3D Gaussian Splatting

Represent a 3D scene as millions of 3D Gaussians, each with position, covariance, opacity, and color. Render by projecting to 2D and alpha-compositing. Real-time, high-quality novel view synthesis without neural networks at render time.

AdvancedTier 3Frontier~45 min
0

Why This Matters

Neural Radiance Fields (NeRFs) showed that you can reconstruct 3D scenes from photographs with stunning quality. But NeRFs are slow: rendering a single frame requires millions of neural network evaluations along each ray. 3D Gaussian Splatting (3DGS) achieves comparable or better quality at 100+ FPS by replacing the neural network with an explicit representation: a cloud of 3D Gaussians.

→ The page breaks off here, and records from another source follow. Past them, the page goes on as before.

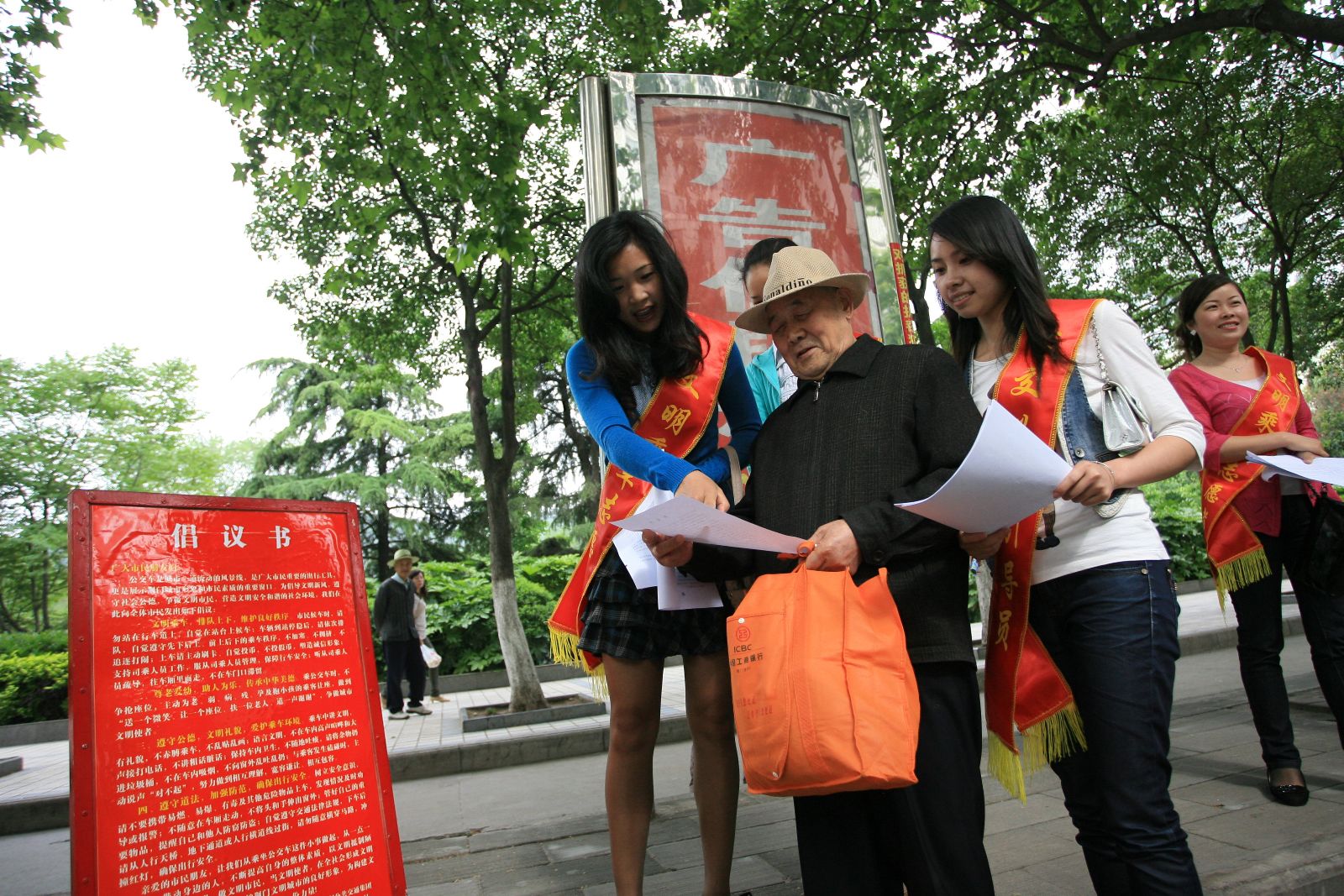 5月15日,荊門公交集團負責(zé)營運安全的3名副總經(jīng)理,帶2個營運公司20余名管理人員、以及10名身披綬帶的志愿者引導(dǎo)員在城區(qū)的一醫(yī)、中商、東方百貨、移動公司、汽車站5個公交站點正式啟動“文明進公交”活動。
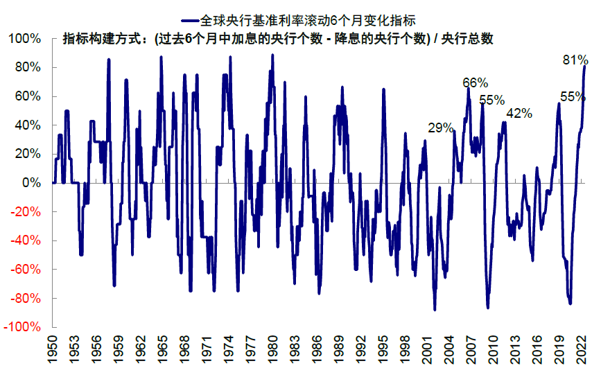图表:当前全球进入加息周期的央行占比已达到81%,为1980年以来最高
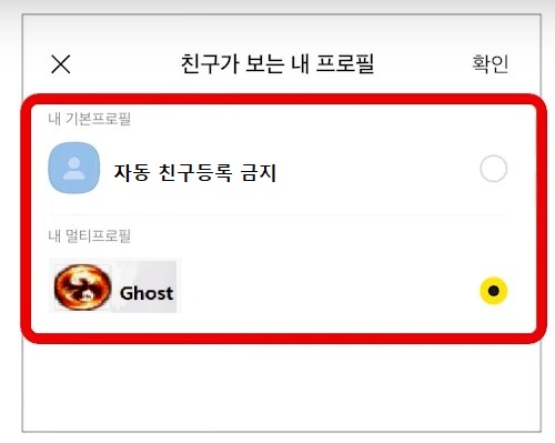 그리고 이런 것 자체도 번거롭고 귀찮다 하시는 분은 마지막 방법으로 멀티 프로필을 만들어서 사용하시면 됩니다. 전체 공개 프로필에는 아무런 정보도 개시하지 말고 나의 닉네임만을 만들어서 상대가 친구등록에 확인만 할 수 있도록 해두고 친구들만 볼 수 있는 내 실제 프로필은 따로 하나 더 만들어 두는 방법입니다.
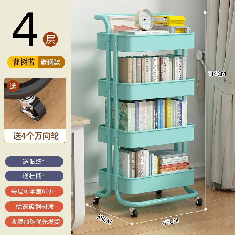 OD59 wholesale bookshelf rack floor-standing multi-layer wheeled trolley desk side reading book storage small
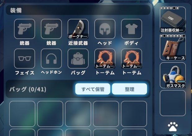 本作にも、本家の脱出シューターと同様に、倒されてもアイテムをロストしないインベントリ枠が存在します。主人公のアヒルは常に一匹の犬を引き連れているのですが、この犬に持たせたアイテムはやられてもロストしないという仕様があり、スキルツリーの成長枠に応じてこのインベントリ枠は拡張され、最大で4つまで犬に持たせる事が出来るようになります。

Instead of querying a neural network for every pixel, you project Gaussians onto the image plane and blend them. The result is differentiable (for optimization via gradient descent) and fast (for real-time rendering). Applications span VR/AR, robotics, autonomous driving, film production, and digital twins.

Mental Model

Imagine spraying millions of tiny, colored, semi-transparent blobs into a 3D scene. Each blob is an ellipsoidal Gaussian with a position, shape (covariance), opacity, and color that can vary with viewing direction. To render an image from a new viewpoint, project all the blobs onto the camera's image plane and blend them front-to-back. The blobs that are close to surfaces become dense and opaque; the blobs in empty space fade to transparent.

Formal Setup

Scene Representation

A scene is represented by a set of NN 3D Gaussians {Gi}i=1N\{G_i\}_{i=1}^{N}, where each Gaussian has:

  • Position μiR3\boldsymbol{\mu}_i \in \mathbb{R}^3: the center of the Gaussian
  • Covariance ΣiR3×3\boldsymbol{\Sigma}_i \in \mathbb{R}^{3 \times 3}: a positive semidefinite matrix defining the shape and orientation of the ellipsoid
  • Opacity αi[0,1]\alpha_i \in [0, 1]: how opaque the Gaussian is
  • Color represented by spherical harmonic (SH) coefficients, allowing view-dependent appearance
Definition

3D Gaussian

Each Gaussian GiG_i defines a density in 3D space:

Gi(x)=exp ⁣(12(xμi)TΣi1(xμi))G_i(\mathbf{x}) = \exp\!\left(-\frac{1}{2}(\mathbf{x} - \boldsymbol{\mu}_i)^T \boldsymbol{\Sigma}_i^{-1} (\mathbf{x} - \boldsymbol{\mu}_i)\right)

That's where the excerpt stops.